Entries taken from a collection
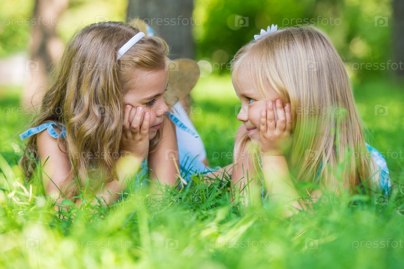 Счастливые дети отдыхают на зеленой траве в летнем парке
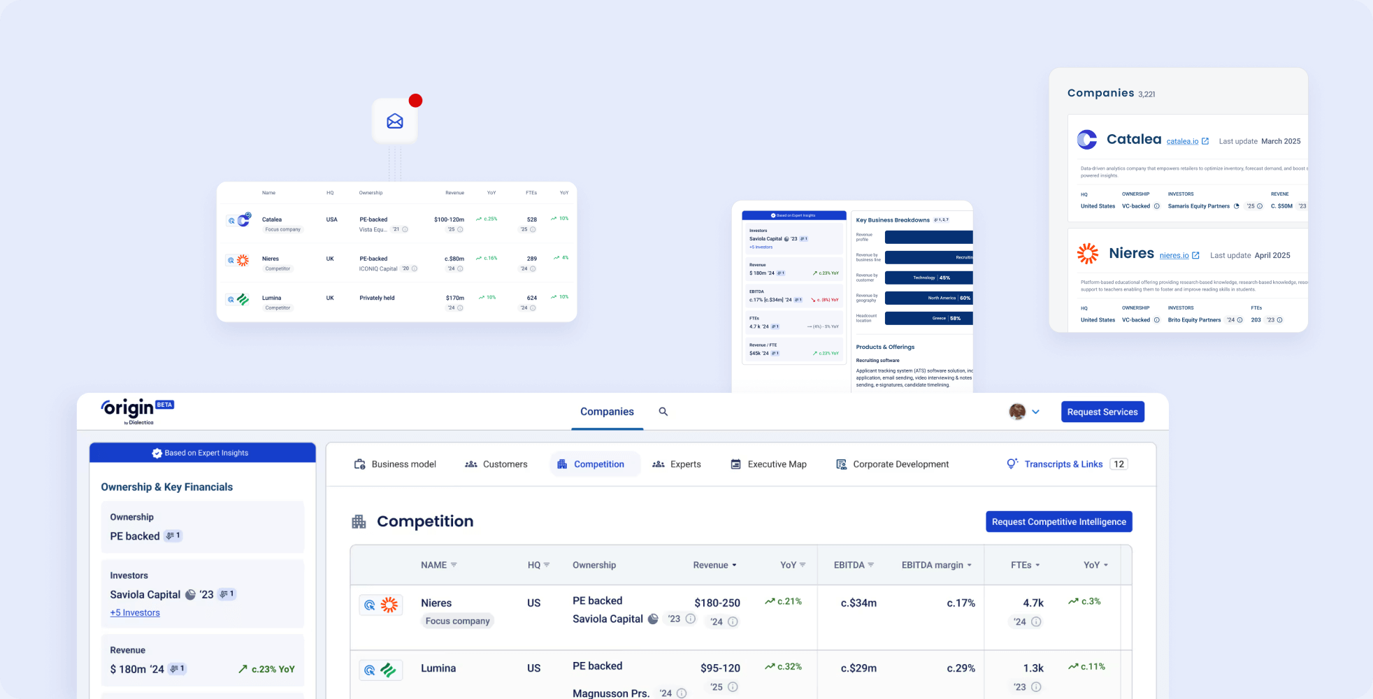Move beyond raw data and generic reports. Origin is the definitive source for qualitative deal intelligence, providing the critical context that data tables miss. Our platform of expert-vetted company snapshots is designed to enrich your deal pipeline, whether you're in Private Equity, Venture Capital, or Corporate Strategy. Use our insights to validate opportunities, build conviction faster, and feed actionable deal sourcing intelligence directly into your CRM.
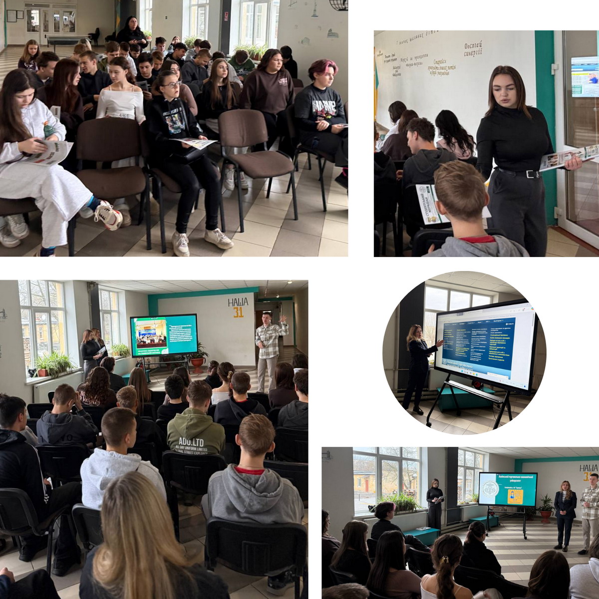За участі здобувачів ОПП “Митна справа”: Богдана Кодочігова, Христини Гоголь та Тетяни Мельник, а також заступником з практичної підготовки здобувачів та профорієнтаційної роботи, доцентом Ольгою Гиркою завершено серію профорієнтаційних заходів у ліцеях № 31, 66 та Ліцей ім. І. Пулюя міста Львова.
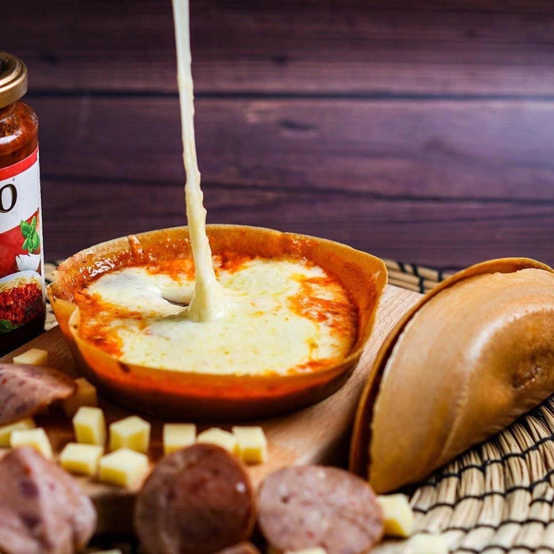 Kepingan chicken pepperoni dan dilitupi dengan sos tomato prego
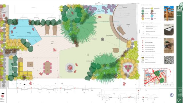 Dopo aver raccolto i desideri e le esigenze e aver sondato i gusti di chi vivrà questo particolare spazio verde, abbiamo proposto la realizzazione di un’area pavimentata dotata di pergola che ospiterà un grande tavolo da pranzo e un comodo living. A ridosso del muro di cinta è prevista la piscina con area relax.
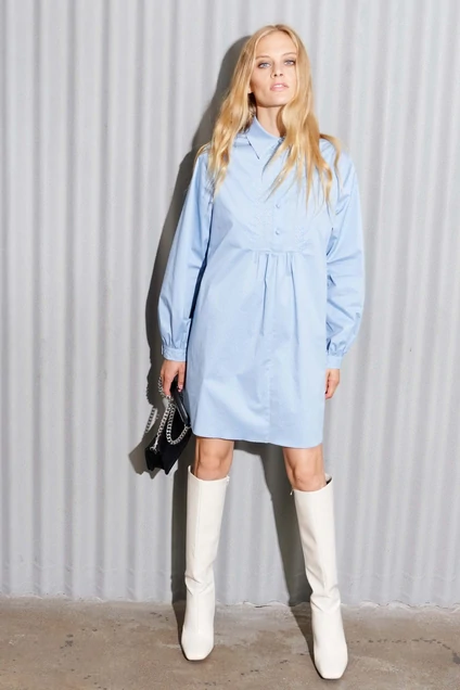 Платье рубашечного кроя. Рукав втачной по низу рукава притачная манжеты с вышивкой и застежкой на петлю и пуговицу. Воротник рубашечного кроя на стойке. По переду отрезная кокетка с вышивкой и застежкой на петли и пуговицы. В боковых швах прорезные карманы. По спинке кокетка. Низ платья фигурный.

INSTRUCTIONS TO FOLLOW
Exact copies of the lines from the one containing "Move beyond raw" through the final line of the data are required; pictures are to be omitted.

SOLUTION TO THIS PROBLEM
Move beyond raw data and generic reports. Origin is the definitive source for qualitative deal intelligence, providing the critical context that data tables miss. Our platform of expert-vetted company snapshots is designed to enrich your deal pipeline, whether you're in Private Equity, Venture Capital, or Corporate Strategy. Use our insights to validate opportunities, build conviction faster, and feed actionable deal sourcing intelligence directly into your CRM.
За участі здобувачів ОПП “Митна справа”: Богдана Кодочігова, Христини Гоголь та Тетяни Мельник, а також заступником з практичної підготовки здобувачів та профорієнтаційної роботи, доцентом Ольгою Гиркою завершено серію профорієнтаційних заходів у ліцеях № 31, 66 та Ліцей ім. І. Пулюя міста Львова.
 Kepingan chicken pepperoni dan dilitupi dengan sos tomato prego
 Dopo aver raccolto i desideri e le esigenze e aver sondato i gusti di chi vivrà questo particolare spazio verde, abbiamo proposto la realizzazione di un’area pavimentata dotata di pergola che ospiterà un grande tavolo da pranzo e un comodo living. A ridosso del muro di cinta è prevista la piscina con area relax.
 Платье рубашечного кроя. Рукав втачной по низу рукава притачная манжеты с вышивкой и застежкой на петлю и пуговицу. Воротник рубашечного кроя на стойке. По переду отрезная кокетка с вышивкой и застежкой на петли и пуговицы. В боковых швах прорезные карманы. По спинке кокетка. Низ платья фигурный.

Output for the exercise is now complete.